Catholic Children’s Aid Society of Toronto
Holds mandatory training sessions on race relations for all employees.

The Women at Enbridge program helps women advance their careers within the company through leadership development, mentorship and peer coaching.

Ernst and Young
Hosts a series of inclusiveness awareness workshops for senior-level employees.

Export Development Canada
Operates an annual diversity training program for managers.

Hewlett-Packard (Canada)
Manages employee resource groups for different employee groups including women, people with disabilities, Asians and lesbian, gay, bisexual and transgender (LGBT) employees.

HSBC Bank Canada
Operates outreach initiatives to establish and maintain relationships with various Aboriginal and disabled workers, including job fairs, placing recruitment advertising in targeted publications and participating in job shadowing partnerships.

IBM Canada
Requires managers to attend a diversity and inclusive leadership program.

Intuit Canada
Developed a women’s network and a lesbian, gay, bisexual and transgender (LGBT) network.

Operates a “MicroInequities” program designed to promote diversity through awareness of body language, spoken language and differing cultural norms.

Merck Frosst Canada
Established a recruiting for diversity training component for all hiring managers.

Neill & Gunter (now Stantec)
Attends career fairs and seminars for Aboriginal youth.

Ontario Public Service
Developed a recruitment brochure and distributed it to more than 200 community agencies helping disabled jobseekers.

Procter & Gamble
Works with company diversity networks to attend university recruiting events focusing on black and Latino students.

Saskatchewan Government Insurance
Developed a recruitment strategy to become an employer of choice for Aboriginal Canadians.

Suncor Energy
Aims to increase the number of women employees in management positions through career development, succession planning, mentorship and coaching.

TD Bank Financial Group
Completed focus groups with more than 80 gay, lesbian, bisexual and transgender employees seeking input on how to create a more inclusive workplace (all participants were members of Employee Pride Network at TD, whose membership across Canada numbers more than 300) and the president and CEO hosted a pride reception for TD employees

Toronto Police Service
Attends cultural events to recruit potential new hires from diverse ethnic backgrounds.

University Health Network
Provides customized diversity training for various departments in the hospital.

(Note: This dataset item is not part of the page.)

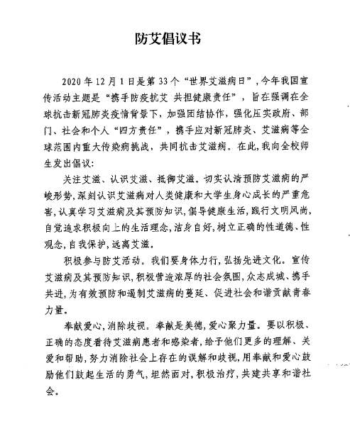 12月1日是第三十三个“世界艾滋病日”,为深化新时代学校健康教育,将新时代学校防疫防艾教育工作常态化,学院党委副书记、院长吴国才发起倡议,院团委协同各部门、学生组织,共同开展防艾“十个一”系列活动。
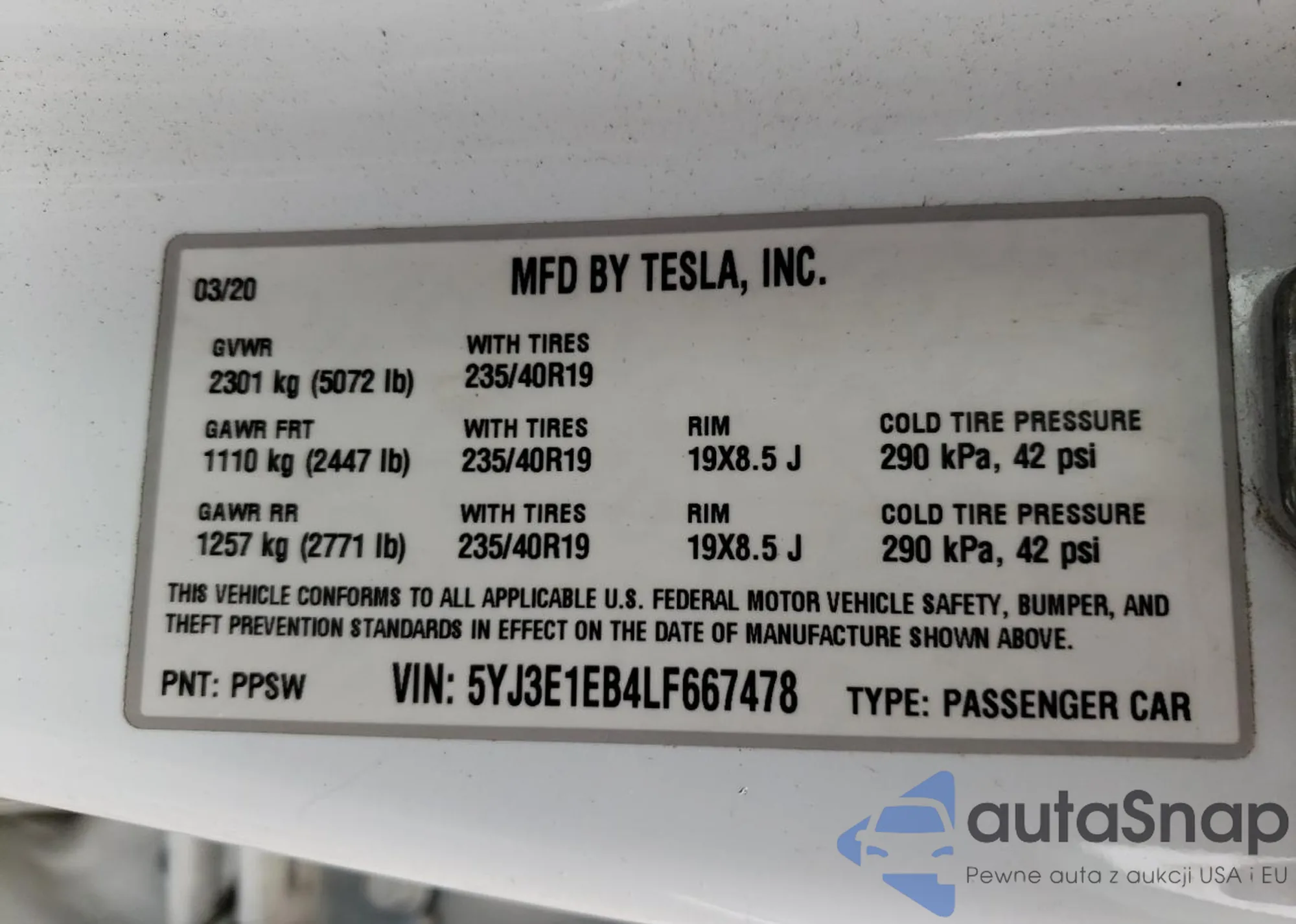 VIN: 5YJ3E1EB4LF667478

University of British Columbia
Created a “positive space campaign” for LGBT employees.

University of Toronto
Developed an LGBT human resources committee that provided training on LGBT issues to divisional HR staff on creating a welcoming environment for sexual minorities.

Vancouver City Savings Credit Union
A leading sponsor of Vancouver’s annual Pride Parade, which includes sponsorship of an entertainment venue and employee volunteers actively participating in the parade.